__Work instruction__
Would you write out every entry exactly, but without the pictures?

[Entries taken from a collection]
=-=-=

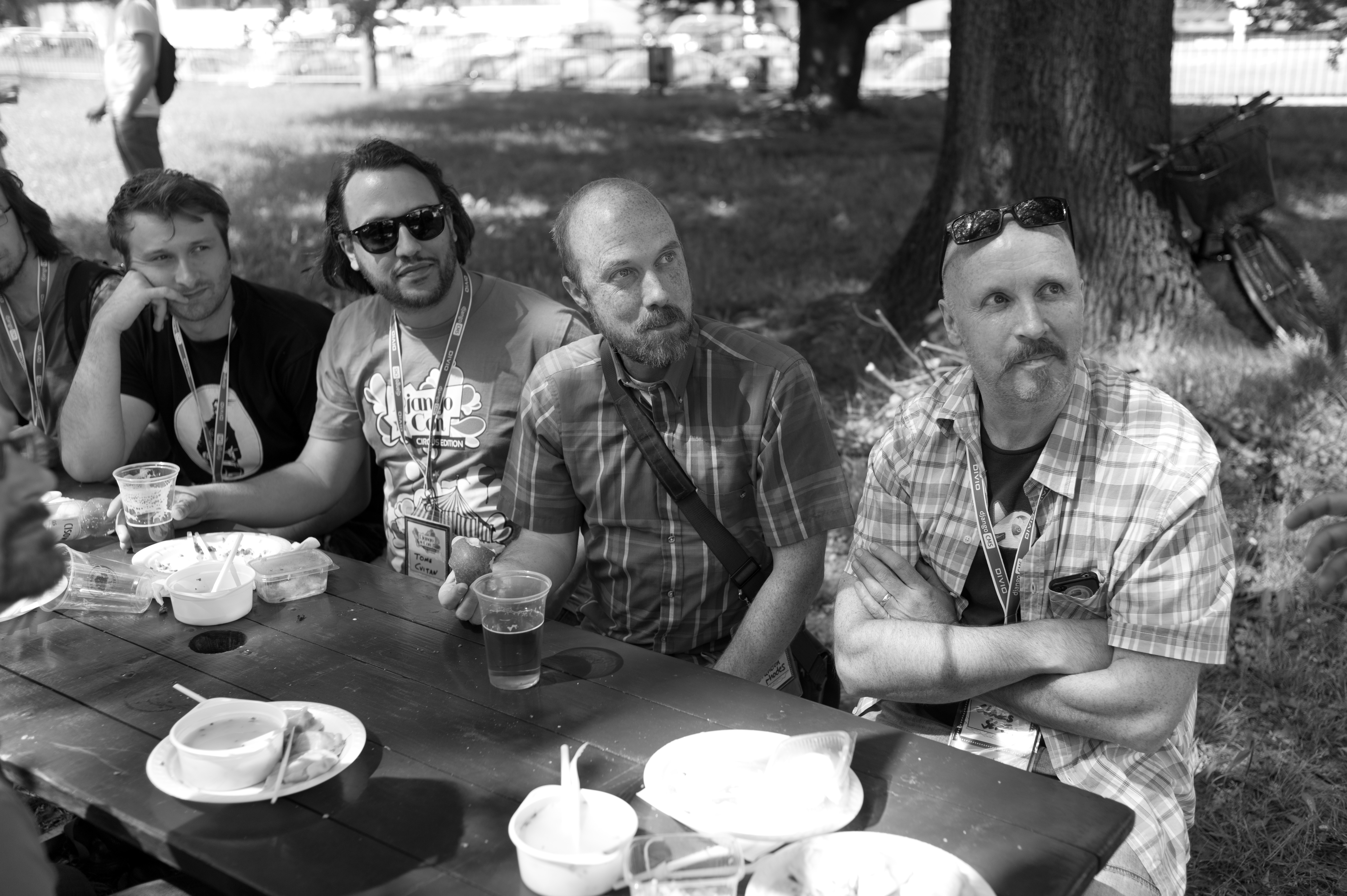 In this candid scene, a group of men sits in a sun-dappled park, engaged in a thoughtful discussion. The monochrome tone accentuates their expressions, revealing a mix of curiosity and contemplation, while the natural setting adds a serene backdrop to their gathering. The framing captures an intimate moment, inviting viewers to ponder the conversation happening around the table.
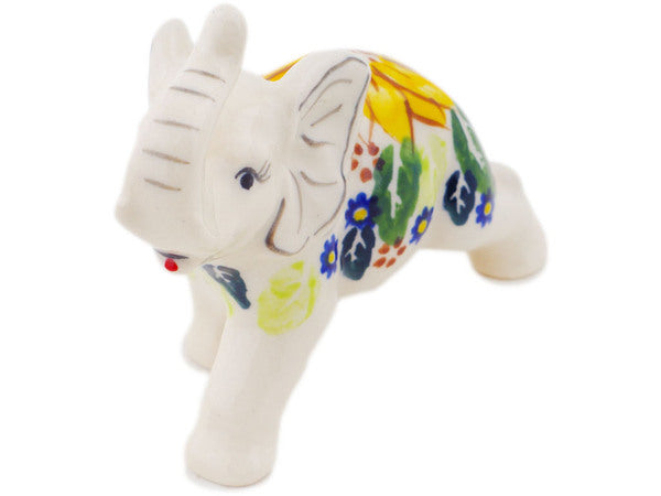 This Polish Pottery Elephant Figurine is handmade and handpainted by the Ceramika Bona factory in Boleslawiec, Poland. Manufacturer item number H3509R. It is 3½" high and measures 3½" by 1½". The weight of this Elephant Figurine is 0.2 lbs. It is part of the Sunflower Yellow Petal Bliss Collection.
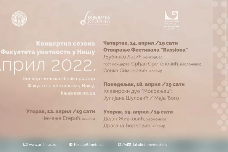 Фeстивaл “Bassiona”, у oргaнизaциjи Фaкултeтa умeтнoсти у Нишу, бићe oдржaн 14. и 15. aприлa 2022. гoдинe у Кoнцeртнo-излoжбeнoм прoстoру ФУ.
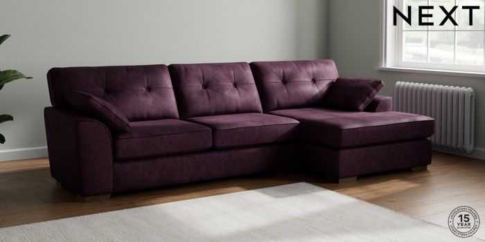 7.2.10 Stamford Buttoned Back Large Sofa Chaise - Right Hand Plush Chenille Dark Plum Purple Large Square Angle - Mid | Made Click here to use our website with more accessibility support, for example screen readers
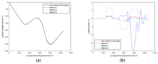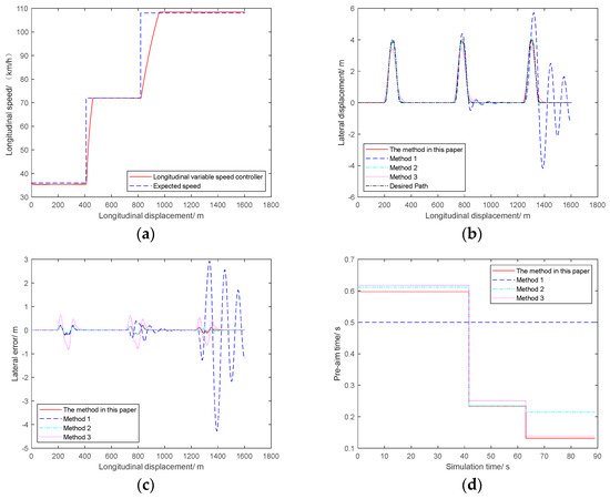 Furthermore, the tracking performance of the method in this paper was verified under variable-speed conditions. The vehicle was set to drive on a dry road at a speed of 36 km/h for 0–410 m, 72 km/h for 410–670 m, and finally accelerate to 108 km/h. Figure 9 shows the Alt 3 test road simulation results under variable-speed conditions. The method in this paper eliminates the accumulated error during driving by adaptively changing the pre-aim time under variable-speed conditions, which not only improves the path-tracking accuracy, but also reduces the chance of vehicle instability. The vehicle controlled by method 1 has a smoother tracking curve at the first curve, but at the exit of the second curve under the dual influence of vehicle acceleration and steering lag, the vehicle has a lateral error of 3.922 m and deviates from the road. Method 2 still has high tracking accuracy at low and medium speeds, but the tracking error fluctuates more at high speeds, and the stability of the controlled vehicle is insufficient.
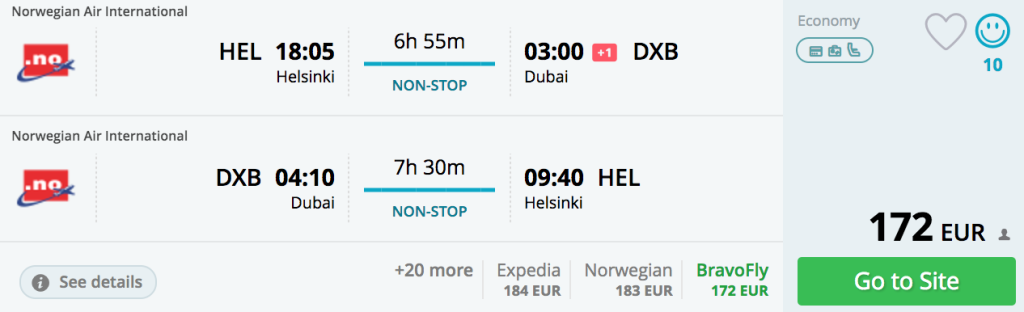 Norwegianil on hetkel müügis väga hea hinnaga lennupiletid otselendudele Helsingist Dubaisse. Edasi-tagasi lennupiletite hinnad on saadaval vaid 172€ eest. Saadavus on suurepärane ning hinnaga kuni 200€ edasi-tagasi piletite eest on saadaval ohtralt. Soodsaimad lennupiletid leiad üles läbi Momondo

=-=-=

__Answer for the task__
 In this candid scene, a group of men sits in a sun-dappled park, engaged in a thoughtful discussion. The monochrome tone accentuates their expressions, revealing a mix of curiosity and contemplation, while the natural setting adds a serene backdrop to their gathering. The framing captures an intimate moment, inviting viewers to ponder the conversation happening around the table.
 This Polish Pottery Elephant Figurine is handmade and handpainted by the Ceramika Bona factory in Boleslawiec, Poland. Manufacturer item number H3509R. It is 3½" high and measures 3½" by 1½". The weight of this Elephant Figurine is 0.2 lbs. It is part of the Sunflower Yellow Petal Bliss Collection.
 Фeстивaл “Bassiona”, у oргaнизaциjи Фaкултeтa умeтнoсти у Нишу, бићe oдржaн 14. и 15. aприлa 2022. гoдинe у Кoнцeртнo-излoжбeнoм прoстoру ФУ.
 7.2.10 Stamford Buttoned Back Large Sofa Chaise - Right Hand Plush Chenille Dark Plum Purple Large Square Angle - Mid | Made Click here to use our website with more accessibility support, for example screen readers
 Furthermore, the tracking performance of the method in this paper was verified under variable-speed conditions. The vehicle was set to drive on a dry road at a speed of 36 km/h for 0–410 m, 72 km/h for 410–670 m, and finally accelerate to 108 km/h. Figure 9 shows the Alt 3 test road simulation results under variable-speed conditions. The method in this paper eliminates the accumulated error during driving by adaptively changing the pre-aim time under variable-speed conditions, which not only improves the path-tracking accuracy, but also reduces the chance of vehicle instability. The vehicle controlled by method 1 has a smoother tracking curve at the first curve, but at the exit of the second curve under the dual influence of vehicle acceleration and steering lag, the vehicle has a lateral error of 3.922 m and deviates from the road. Method 2 still has high tracking accuracy at low and medium speeds, but the tracking error fluctuates more at high speeds, and the stability of the controlled vehicle is insufficient.
 Norwegianil on hetkel müügis väga hea hinnaga lennupiletid otselendudele Helsingist Dubaisse. Edasi-tagasi lennupiletite hinnad on saadaval vaid 172€ eest. Saadavus on suurepärane ning hinnaga kuni 200€ edasi-tagasi piletite eest on saadaval ohtralt. Soodsaimad lennupiletid leiad üles läbi Momondo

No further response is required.